Doodletown

 

When

Renowned for its unusual abundance and diversity of warblers. May and June are best, but worthwhile throughout the year.

Trail over Doodletown Creek, below Reservoir (Photo by Alan Wells).

Directions

From NYC/Westchester area: Travel west over the Tappan Zee Bridge to Exit 13 then take the Palisades Interstate Parkway north. Go north to Route 6 to the Bear Mountain traffic circle. Leave the circle at the first exit, the Bear Mountain State Park exit . At the light, follow the left fork south along 9W. Within less than 1 mile there will be several small parking areas near two, white concrete abutments indicating the bridge over Doodletown Brook.  Park along the road. On the west side of 9W walk up the old Doodletown Road. It is marked by a brown historical marker that mentions the no longer existent town of Doodletown. Proceed up the hill.

Trail Map (704KB)

Description

Cattails at Doodletown Reservoir (Photo by Alan Wells)

Doodletown is the site of a former hamlet just south of Bear Mountain and north of Dunderberg Mountain.  Iona Island and Salisbury Meadow are just to the east.  The site was settled by at least 1762 and, at its peak (about 1945), was home to about 300.  After WWII, the Park gradually acquired many of the homes.  By 1962, the remaining homes were condemned and the site was vacated by 1965.  The foundations of many of the homes are still clearly visible.  In the clearings, scrubby secondary growth, dominated by barberry, is prevalent.   

A short description of Doodletown's history and an extensive listing of the flora can be found on the Torrey Botanical Society web site.

Doodletown and adjoining Iona Island were designated as New York State Important Bird Areas in 1997 and a New York State Bird Conservation Area.

 

 

Birds

In spring Cerulean and Hooded warblers can be easily found.  Other common warblers include Black-throated Green, Black-throated Blue, Chestnut-sided, Palm, Prairie, Yellow-rumped, Yellow, Black-and-White, Canada, American Redstart, Blue-winged, Common Yellowthroat, Louisiana Waterthrush, and Ovenbird.  In all, 32 species of wood warbler have been seen.
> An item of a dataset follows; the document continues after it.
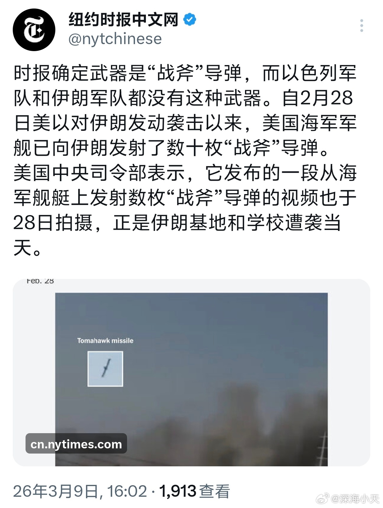 以色列称女子小学是伊朗自己炸的,被纽约时报打脸以色列总理内塔尼亚胡首席外交政策顾问奥菲尔·法尔克在CNN上,指伊朗女子小学被炸的原因是伊朗导弹“发射失败”。对伊朗来说,这是一种策略。他们想要尽可能多地杀死平民。纽约时报3月9日报道,确定袭击小学的武器是“战斧”导弹,而以色列军队和伊朗军队都没有这种武器,确定是美国导弹。以色列军警大量拆除路边摄像头外交部回应伊朗宣布新任最高领袖
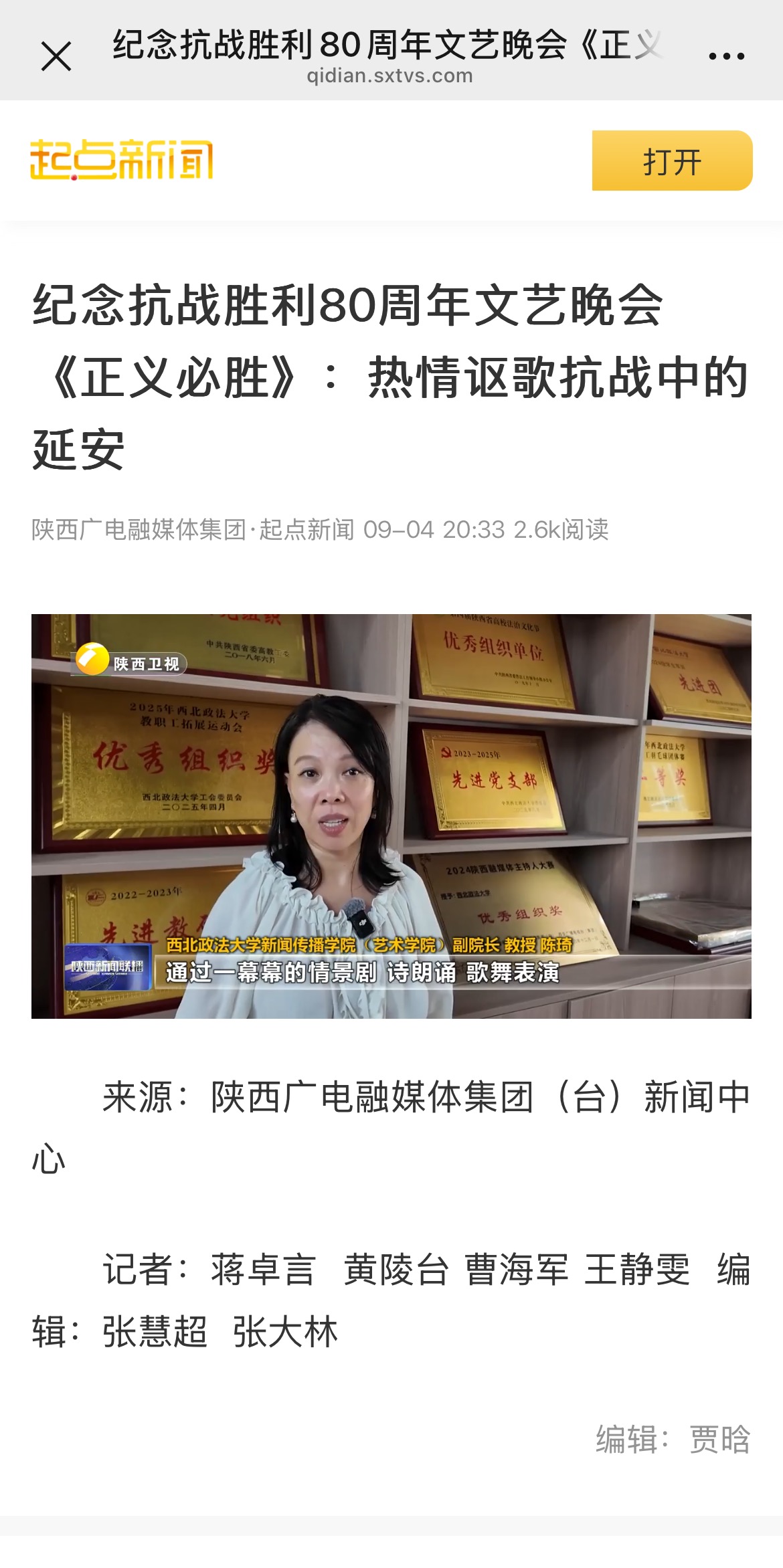 【起点新闻】纪念抗战胜利80周年文艺晚会《正义必胜》:热情讴歌抗战中的延安 https://qidian.sxtvs.com/timing/share/content/10642942

Other common species include: Turkey vulture, Black vulture, Canada goose, Mallard, Wood duck, Red-tailed Hawk, Ruffed Grouse, Mourning Dove, Ruby-throated Hummingbird, Belted Kingfisher, Red-bellied Woodpecker, Downy Woodpecker, Eastern Phoebe, Eastern Wood-Pewee, Tree Swallow, American Crow, Common raven, Blue Jay, Black-capped Chickadee, Tufted Titmouse, White-breasted Nuthatch, Gray Catbird, American Robin, Veery, Wood Thrush, Ruby-crowned Kinglet, Cedar Waxwing, Red-eyed Vireo, Baltimore Oriole, Scarlet Tanager, Rose-breasted grosbeak, Northern Cardinal, American Goldfinch, Eastern Towhee, White-throated Sparrow, and Song Sparrow.  During spring, expect 50-70 species.